After weeks of narrative incoherence, endless vista-staring and a lack of investment from viewers, Broadchurch has turned up trumps this week with an instalment that was surely on level with the premiere (and series one) in terms of quality. Having sat through a weak, sped-up story with plot strands aplenty, week six is when Broadchurch has turned itself around and reclaimed some of the glory of the first series.
A lot of this second series of Broadchurch’s criticisms have stemmed simply from its lack of consequences. While characters such as Alec Hardy have undergone real emotional journeys, narratively Broadchurch has offered few answers. Episode six saw the exposition-heavy dialogue and endless newly-emerged plot strands discontinued with an episode that managed to nudge the story along, develop the characters and tease where the show might be heading to boot. Chris Chibnall wrote a script this week that was stuffed with emotional oomph, nothing too showy or distracting, just gentle, almost imperceptible moments between the characters that echoed the first series.
Joe Miller’s U-turn on his confession has had equal – perhaps harder-hitting – consequences for the townspeople of Broadchurch. As a result of Joe’s son, Tom’s false statement in the stand regarding Mark Latimer and his rendezvouses, Mark was forced to admit to his wife, Beth, that he planned to leave her had their son still been alive. Jodie Whittaker gave a quite astonishing performance this week, once again exhibiting her ability to come apart at the seams at will.
Similarly, Ellie Miller’s meltdown and superbly written denunciation of Tom was exquisitely performed by Olivia Colman. On the character of Ellie, she really has come on as a person particularly after her vow to solve the Sandbrook case. She’s taken on an edge we’ve not seen: the assertiveness she lost between series one and two (as a result of being ostracised in Broadchurch) has returned but, this being Ellie Miller, she’s retained the gentle wholesomeness we love her for.

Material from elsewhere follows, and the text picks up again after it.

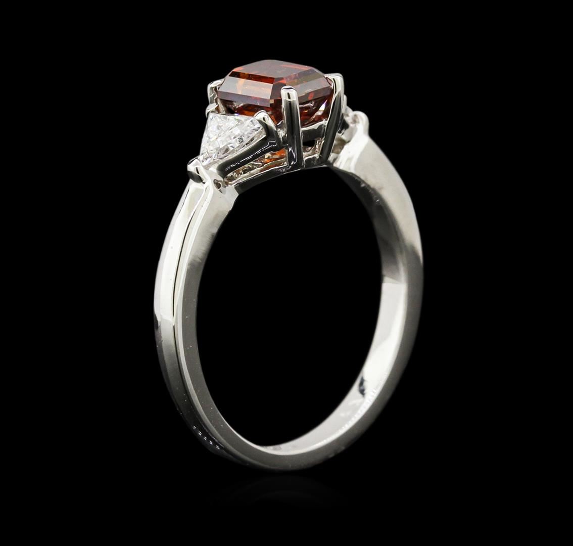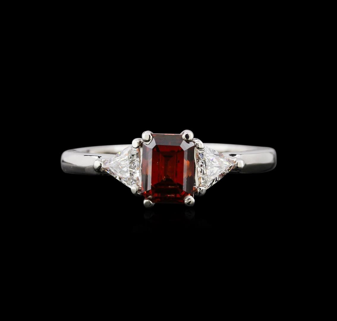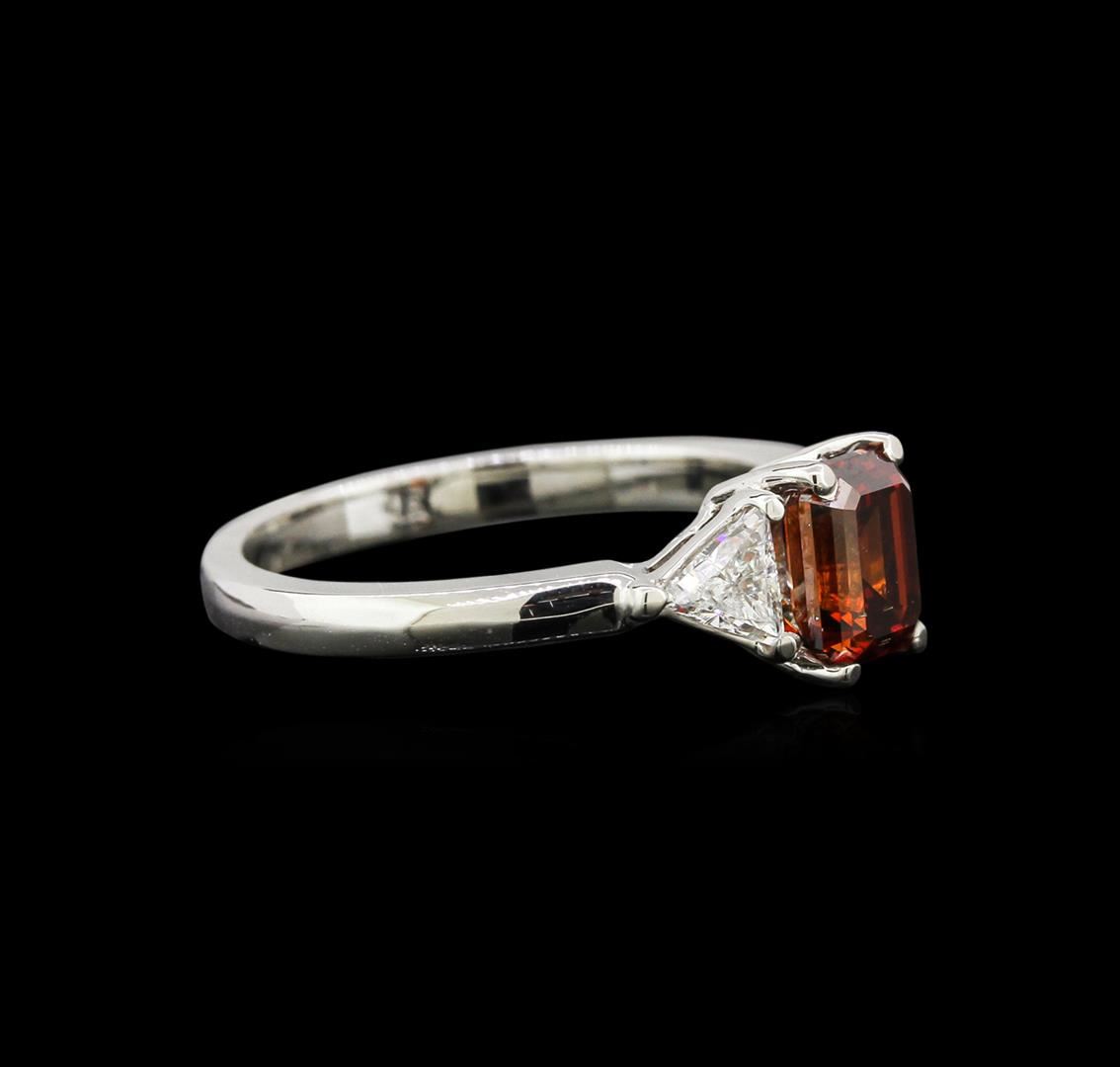 One electronically tested 14KT white gold lady's cast 3-stone ring with a bright polish finish. The featured lady's ring has a shank measuring 2.10 millimeters wide. Identified with markings of "14K". Condition is new, good workmanship. Containing: Two prong set triangle brilliant cut diamonds, measuring 4.40 x 4.20 x 1.90mm (depth est.) approximate total weight of 2 Stones = 0.39ct. Graded in the setting. Clarity: SI-2. Color: F - Good One prong set emerald cut diamond, measuring 6.39 x 4.80 x 3.96mm (depth est.) , 5.00.%. GTCF approximate weight of 1.20ct. Colored gemstones are presumed to have been subjected to commonly used enhancement processes. Graded in the setting. Clarity: SI-1 Cut Very Good. Total Weight of Diamonds 1.59ct. Total Weight of Ring 3.40gm. GAS Appraised at $8,785.00.

Interestingly, Claire Ripley has come out as one of the chief suspects in the Sandbrook case after weeks of seemingly feigned doe-eyed naïveté. I had her marked as a suspicious type from the off purely because the writing initially indicated that she was innocent. In recent weeks we have seen her sketchy story changed a number of times, have sex with the husband she’s hiding from and act strangely in a number of situations (notably her apparent communications with Ricky Gillespie).
Claire’s guilt was finally confirmed tonight at the climax of an episode that saw her completely unravel – she was the person who stole the pendant from Tess Hardy, née Henchard’s car (sporting a fetching black hoodie, too). Presently, it seems too early in the day for her to be the Sandbrook killer, though she was squarely in the frame this week. This reviewer’s guess now is that the missing Lisa Newbery has something to do with her cousin’s death but how all this connects remains to be seen. Only two more episodes to go, folks.
While I’m not wholly invested in some of the subplots Chris Chibnall has laid out for us this series, I found myself caring about them more than ever in this week’s episode. Despite the now twinkly Jocelyn Knight’s (another sublime performance by Charlotte Rampling) ill mother serving as a rather clumsy timebomb for the barrister this series (ready to explode just when Knight is on top of the Joe Miller trial), my heart went out to Knight. With failing eyesight and a deceased mother, things are looking grim for her but will Jocelyn step down from the case and leave the Latimers heading for the rocks?
Similarly, while I didn’t much care for this story, I found myself delighted when Reverend Paul Coates cancelled his trips to Joe Miller in prison. Although he has not had much to do this series, Matthew Gravelle is excellent at making you hate Joe Miller. Initially – back at the end of series one – you pitied the man but his change of tune is eating away at Broadchurch and that’s more than enough reason to dislike the man. Jocelyn Knight’s nemesis, fellow QC Sharon Bishop, is also a character you love to hate and Marianne Jean-Baptiste does a sterling job at balancing pantomime villainy with genuine pathos.
Someone whose performance has been rather overlooked is Andrew Buchan who has embraced the layered, difficult role of Mark Latimer and really turned him around. Much like his wife, Mark has been through the wringer since series one and Buchan has excelled in the part. Likewise, David Tennant has really matured Alec since series one (and in these past few episodes) with his pesky heart condition and his relationship with Tess and his daughter, Daisy both on the mend.
Despite Broadchurch’s mid-series slump, it has managed to pull up its socks and deliver an episode of the same calibre as the first series. With a solid story we can invest in, excellent performances from all quarters (there’s barely a weak link in the cast) and a freshly honed direction, Broadchurch is shooting back up to the top. Fingers crossed it keeps it up for another fortnight.